The data breach, one of the largest in Canadian history, has prompted warnings of a “truly terrifying” new battleground over information, persuasion and foreign interference in already weakened democratic systems.

Activists in the oil-rich province have in recent months increased their effort to force an independence referendum. But debates over secession – already rife with accusations of treason and internecine feuding – have been overshadowed by revelations that a separatist-linked organization gained illegal access to Alberta’s official list of electors. The database contains the names, home addresses and contact information for roughly 2.9 million voters.

Elections Alberta, the body that administers the vote in the province, says it has launched an investigation into how how a far-right group was able to access the database and use it for a campaign to reach voters.

Separatist leaders recently unveiled an initiative using data-driven campaigning and grassroots mobilization to connect with voters.

During an online meeting with supporters, Centurion Project organizer Emmott Kelsey told attendees the app would “revolutionize” how campaigns are run. He boasted that the software underpinning it is “so groundbreaking” that it had been presented to Donald Trump’s White House.

“And we’re kind of the guinea pigs with it,” he said. The Guardian asked Kelsey to clarify his remarks but did not receive a response.

One of the key figures of the Centurion Project is David Parker, a veteran Alberta political organizer with deep ties to the separatist movement, and to US MAGA activists and far-right figures such as Tucker Carlson. Parker has previously faced hefty fines from Elections Alberta over violations of voting laws.

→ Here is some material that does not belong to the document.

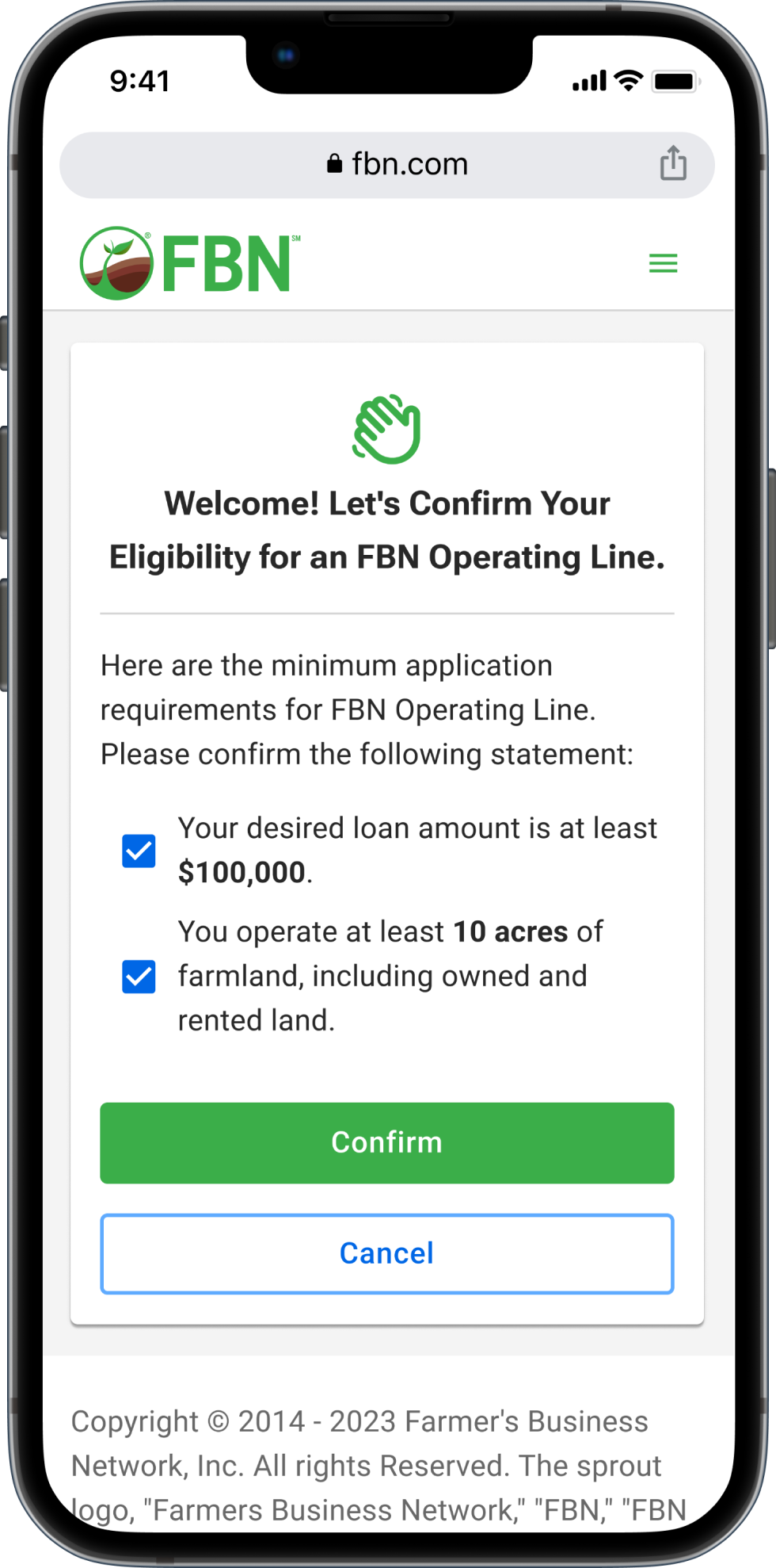 Farmers need to confirm the minimum requirements before starting a loan application.

“Parker is a shockingly effective political organizer. What he was doing was attempting to create a digital grassroots organizational tool. And on its face, there’s nothing wrong with that,” said Jen Gerson, an Alberta-based journalist. “But in order to populate the app that underlies the Centurion Project, he needed data.”

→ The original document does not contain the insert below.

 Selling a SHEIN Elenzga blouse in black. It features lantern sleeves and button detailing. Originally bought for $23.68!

People gather outside the Alberta legislature to rally for Alberta’s independence on 3 May 2025. Photograph: NurPhoto/Getty Images

In March, Gerson was tipped off that the Centurion Project had obtained a copy of the province’s voter list. Her source said they had been able to access the Centurion Project’s database without using their real name name or any traceable personal information.

Gerson said the absence of any security or protection was astounding.

“Anybody with a burner account and no credentials could then access the file and potentially download information from it,” she said. “If you knew about it, you could anonymously access the entire data root file.”

Gerson reported her concerns to Elections Alberta in late March. But the oversight body responded that while her report was “compelling”, Parker could have obtained the list legally from a data broker and concluded there were “no reasonable grounds” to investigate.

A month later, however, EA obtained a court order to shut the database down and launched an investigation. Canada’s federal police, the RCMP, and Alberta privacy commissioner are also investigating the breach.

In order to prevent the improper sharing of voter lists, EA “seeds” voter lists with fake names, and the body was able to confirm that the CP list had originally been provided legally to the Republican party of Alberta, a fringe rightwing party, and then improperly shared.

The party said it had told Centurion Project not to use the data but did not say if the list had come from within the party. “We were proactive on that before the injunction today, and we’ll be fully complying with Elections Alberta,” leader Cam Davies told the Canadian Press.

The provincial government has blamed the elections agency for failing to investigate the breach when first notified. But EA says the provincial government weakened its investigative powers last year.

Elections Alberta says nearly 600 people accessed the voter list which it described as “incredibly confidential”, adding in a statement that it understood Albertans were “unhappy, scared and anxious” about the situation.

“We have heard countless stories about the risks people face having their information made public, including stories from domestic violence survivors, law enforcement, marginalized communities, and more,” the group said, calling on the government to amend existing laws to prevent a similar breach in the future.

Parker has denied that he used the Republican Party voter list and suggested the database was compiled from a third party.

“We have taken action to shut down the app until we can ensure that the dataset is compliant with Alberta and Federal privacy laws. The Centurion Project plans to fully comply with Elections Alberta’s investigation,” Parker said in a statement.

In the statement, Parker said volunteers with the Centurion Project “did not have access to phone numbers or emails” and the dataset was from a third party.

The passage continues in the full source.